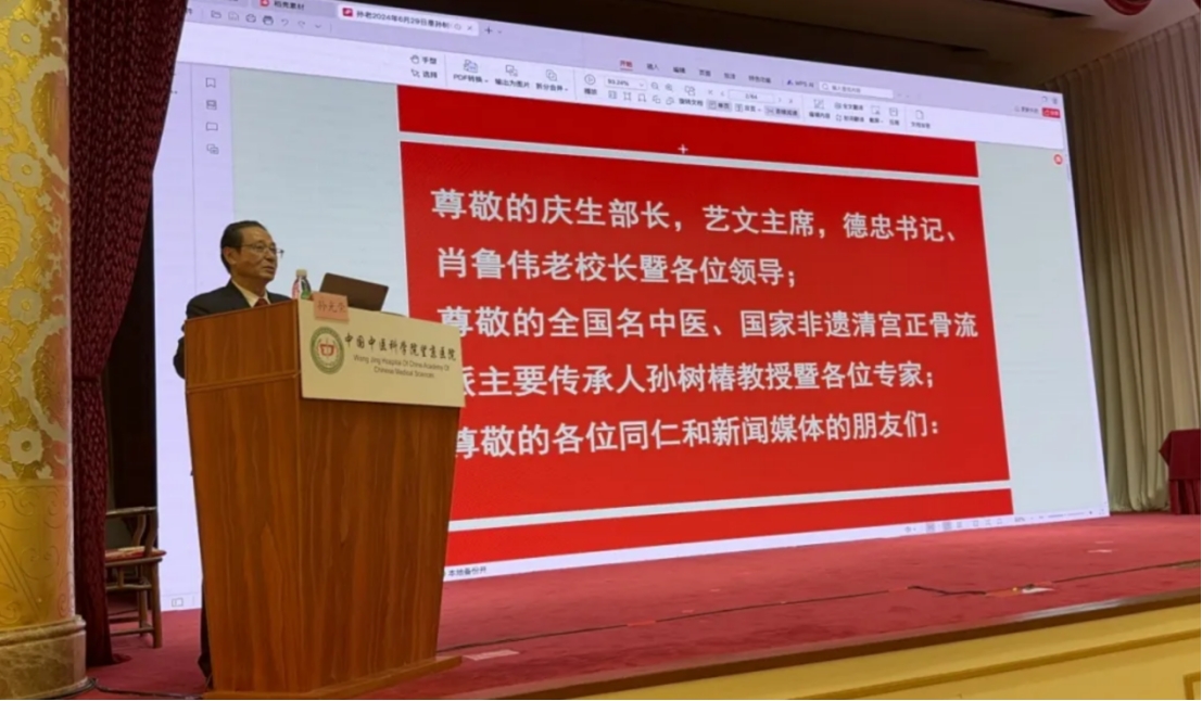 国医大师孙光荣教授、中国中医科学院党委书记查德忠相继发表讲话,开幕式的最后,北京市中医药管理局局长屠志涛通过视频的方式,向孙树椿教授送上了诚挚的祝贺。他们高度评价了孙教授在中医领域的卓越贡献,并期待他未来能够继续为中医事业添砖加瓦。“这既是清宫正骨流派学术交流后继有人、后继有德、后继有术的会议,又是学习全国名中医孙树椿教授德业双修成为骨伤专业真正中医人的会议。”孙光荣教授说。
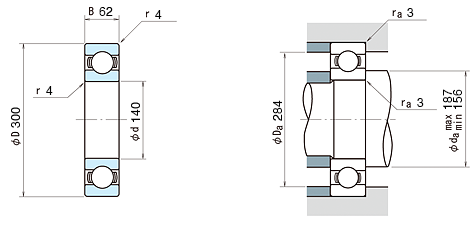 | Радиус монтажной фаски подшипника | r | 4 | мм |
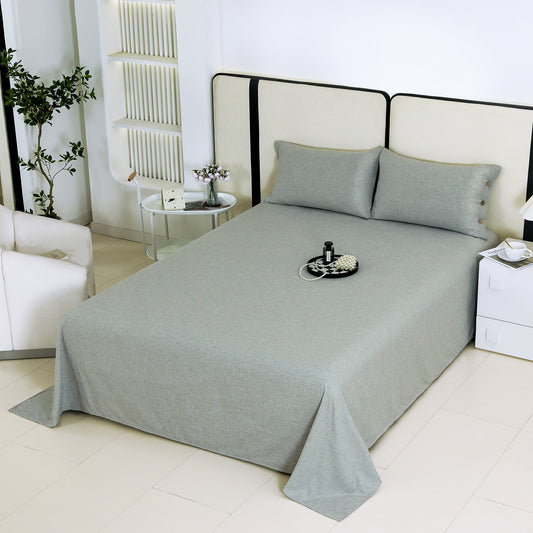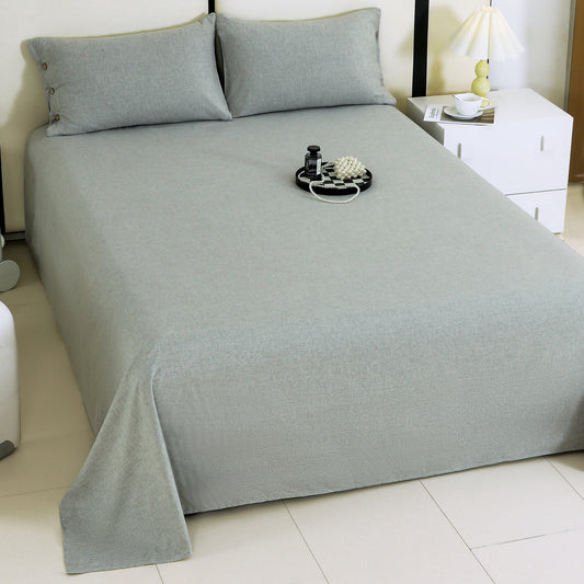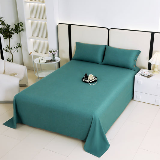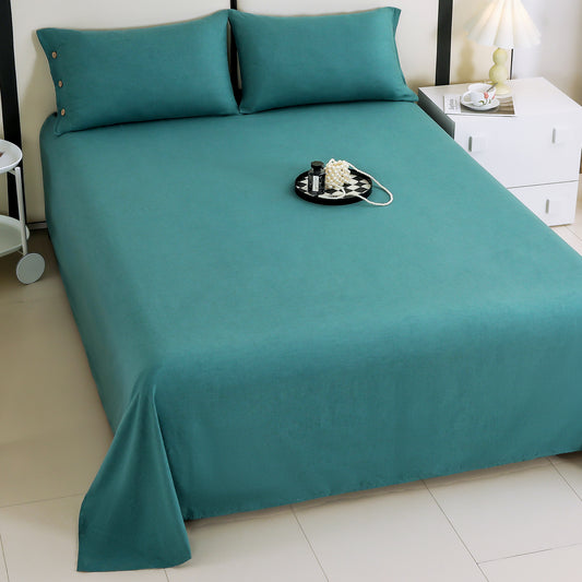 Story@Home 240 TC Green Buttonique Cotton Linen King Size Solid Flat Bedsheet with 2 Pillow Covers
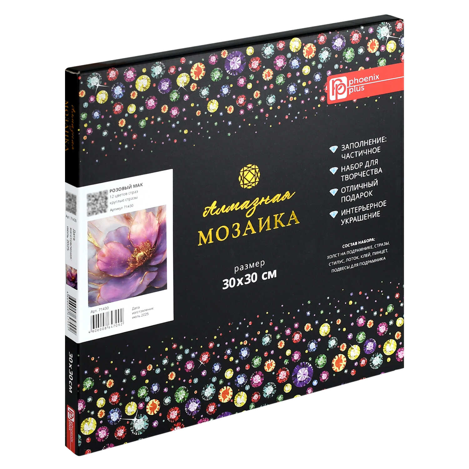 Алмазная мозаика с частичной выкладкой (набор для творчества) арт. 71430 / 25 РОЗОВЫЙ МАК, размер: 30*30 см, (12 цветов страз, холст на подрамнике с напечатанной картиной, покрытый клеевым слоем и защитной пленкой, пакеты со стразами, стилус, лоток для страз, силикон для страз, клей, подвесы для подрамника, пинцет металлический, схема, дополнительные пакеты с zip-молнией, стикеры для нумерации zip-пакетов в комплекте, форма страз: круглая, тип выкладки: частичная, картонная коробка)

Required work
Reproduce the lines above exactly, image-free.

Your response
 国医大师孙光荣教授、中国中医科学院党委书记查德忠相继发表讲话,开幕式的最后,北京市中医药管理局局长屠志涛通过视频的方式,向孙树椿教授送上了诚挚的祝贺。他们高度评价了孙教授在中医领域的卓越贡献,并期待他未来能够继续为中医事业添砖加瓦。“这既是清宫正骨流派学术交流后继有人、后继有德、后继有术的会议,又是学习全国名中医孙树椿教授德业双修成为骨伤专业真正中医人的会议。”孙光荣教授说。
 | Радиус монтажной фаски подшипника | r | 4 | мм |
 Story@Home 240 TC Green Buttonique Cotton Linen King Size Solid Flat Bedsheet with 2 Pillow Covers
 Алмазная мозаика с частичной выкладкой (набор для творчества) арт. 71430 / 25 РОЗОВЫЙ МАК, размер: 30*30 см, (12 цветов страз, холст на подрамнике с напечатанной картиной, покрытый клеевым слоем и защитной пленкой, пакеты со стразами, стилус, лоток для страз, силикон для страз, клей, подвесы для подрамника, пинцет металлический, схема, дополнительные пакеты с zip-молнией, стикеры для нумерации zip-пакетов в комплекте, форма страз: круглая, тип выкладки: частичная, картонная коробка)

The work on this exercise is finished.